The data:
· · · ·

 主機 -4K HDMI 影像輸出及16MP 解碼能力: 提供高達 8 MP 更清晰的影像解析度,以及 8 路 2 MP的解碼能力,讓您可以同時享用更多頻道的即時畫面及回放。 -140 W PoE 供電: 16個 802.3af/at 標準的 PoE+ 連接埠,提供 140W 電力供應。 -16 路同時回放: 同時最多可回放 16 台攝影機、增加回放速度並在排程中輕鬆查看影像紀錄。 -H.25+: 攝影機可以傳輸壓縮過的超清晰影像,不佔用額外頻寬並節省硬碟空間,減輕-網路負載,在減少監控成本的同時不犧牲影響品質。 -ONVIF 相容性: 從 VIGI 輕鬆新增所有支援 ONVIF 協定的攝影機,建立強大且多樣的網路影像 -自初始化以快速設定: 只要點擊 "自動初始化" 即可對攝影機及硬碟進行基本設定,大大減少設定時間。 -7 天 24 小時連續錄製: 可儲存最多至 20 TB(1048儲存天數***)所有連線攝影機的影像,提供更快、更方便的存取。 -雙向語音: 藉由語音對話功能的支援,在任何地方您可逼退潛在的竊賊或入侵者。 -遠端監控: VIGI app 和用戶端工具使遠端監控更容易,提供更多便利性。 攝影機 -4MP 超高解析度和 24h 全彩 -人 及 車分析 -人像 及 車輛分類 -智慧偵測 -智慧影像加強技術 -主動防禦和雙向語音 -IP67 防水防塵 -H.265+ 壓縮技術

· · · ·

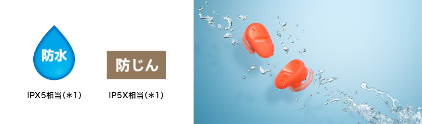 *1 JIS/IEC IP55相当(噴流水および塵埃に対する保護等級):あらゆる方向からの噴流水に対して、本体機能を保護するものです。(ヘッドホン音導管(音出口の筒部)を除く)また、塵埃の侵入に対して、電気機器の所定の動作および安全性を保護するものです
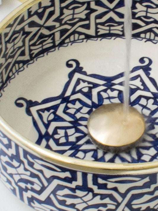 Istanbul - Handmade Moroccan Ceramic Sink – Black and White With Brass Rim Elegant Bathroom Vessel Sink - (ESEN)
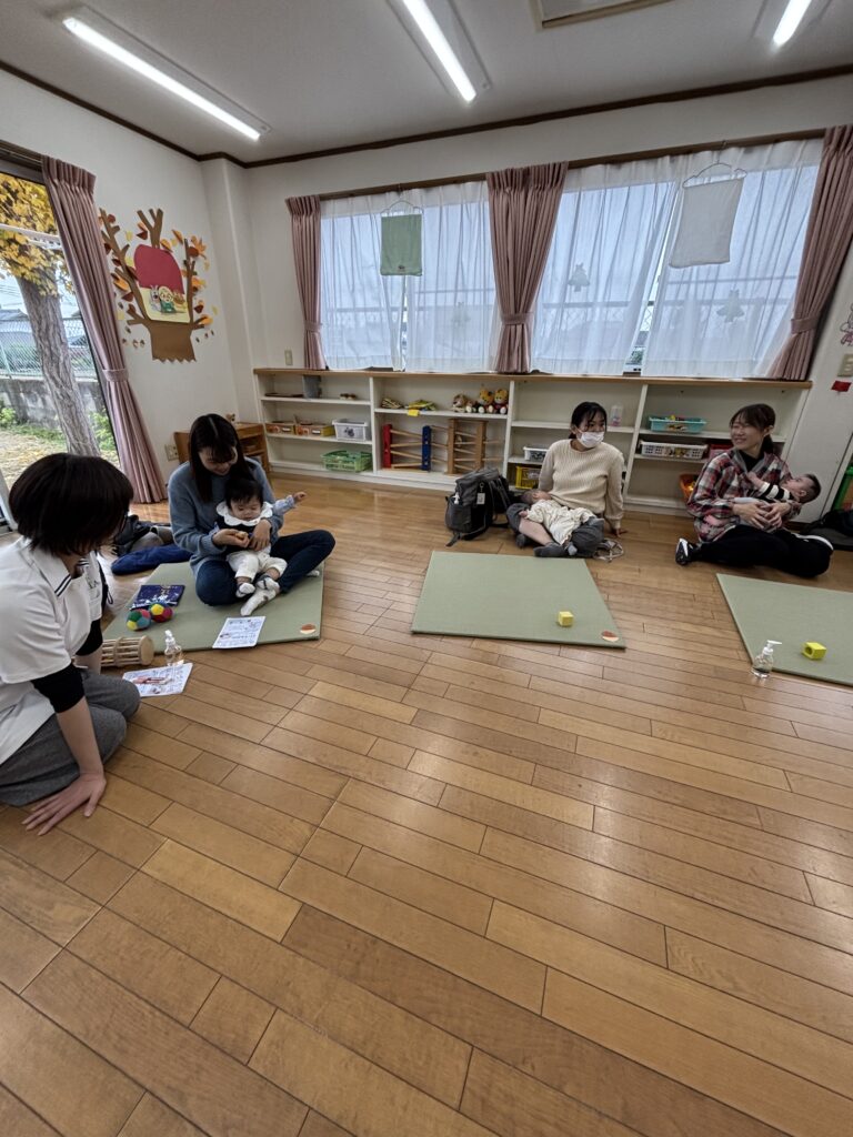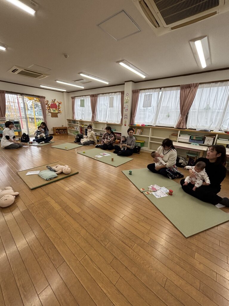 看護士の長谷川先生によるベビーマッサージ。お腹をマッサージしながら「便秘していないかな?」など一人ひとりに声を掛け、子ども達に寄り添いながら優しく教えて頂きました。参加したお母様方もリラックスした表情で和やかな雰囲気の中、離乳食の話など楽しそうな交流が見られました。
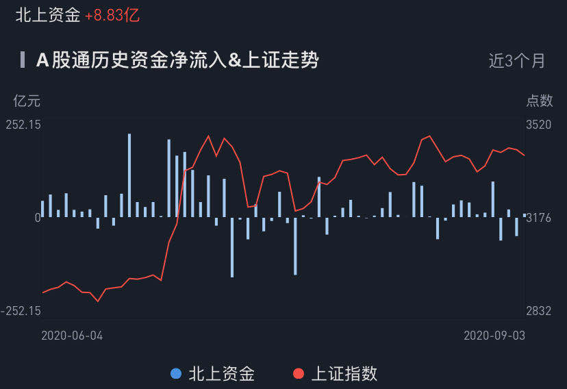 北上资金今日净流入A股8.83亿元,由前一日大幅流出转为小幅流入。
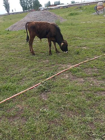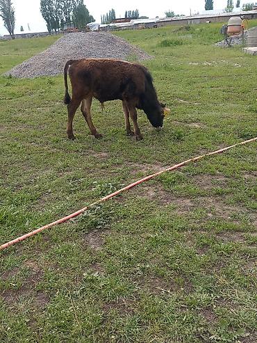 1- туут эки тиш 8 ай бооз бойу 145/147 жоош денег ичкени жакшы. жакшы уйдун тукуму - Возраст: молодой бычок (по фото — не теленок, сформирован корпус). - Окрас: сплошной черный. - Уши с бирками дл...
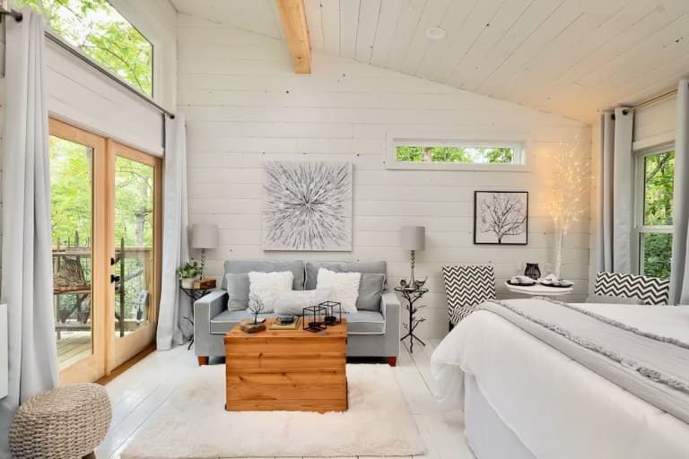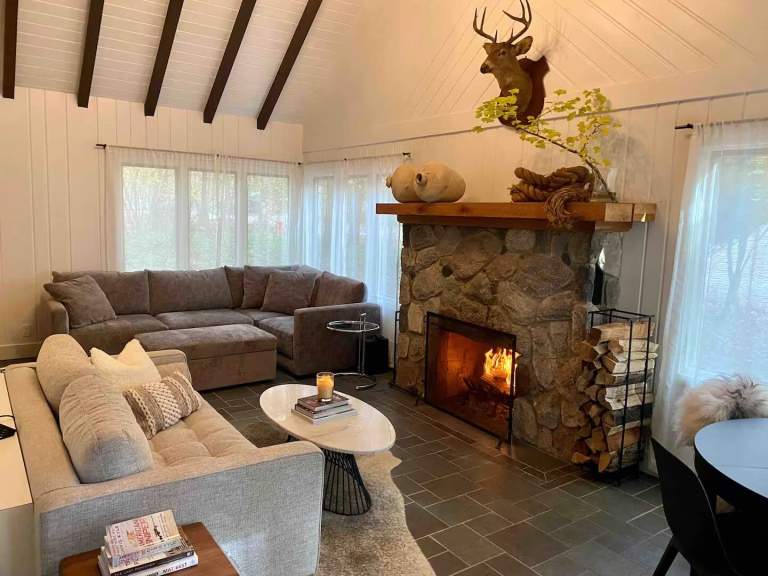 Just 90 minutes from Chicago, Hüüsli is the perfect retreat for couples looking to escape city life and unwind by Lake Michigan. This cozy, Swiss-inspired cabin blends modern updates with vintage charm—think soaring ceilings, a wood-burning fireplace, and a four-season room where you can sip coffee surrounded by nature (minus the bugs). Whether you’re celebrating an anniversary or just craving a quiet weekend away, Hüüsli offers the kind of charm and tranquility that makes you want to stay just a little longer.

· · · ·

Text only, no pictures: please print exactly the lines above from the line with "Istanbul - Handmade" up to and including the line with "1- туут эки", and nothing else.

Answer section:
 Istanbul - Handmade Moroccan Ceramic Sink – Black and White With Brass Rim Elegant Bathroom Vessel Sink - (ESEN)
 看護士の長谷川先生によるベビーマッサージ。お腹をマッサージしながら「便秘していないかな?」など一人ひとりに声を掛け、子ども達に寄り添いながら優しく教えて頂きました。参加したお母様方もリラックスした表情で和やかな雰囲気の中、離乳食の話など楽しそうな交流が見られました。
 北上资金今日净流入A股8.83亿元,由前一日大幅流出转为小幅流入。
 1- туут эки тиш 8 ай бооз бойу 145/147 жоош денег ичкени жакшы. жакшы уйдун тукуму - Возраст: молодой бычок (по фото — не теленок, сформирован корпус). - Окрас: сплошной черный. - Уши с бирками дл...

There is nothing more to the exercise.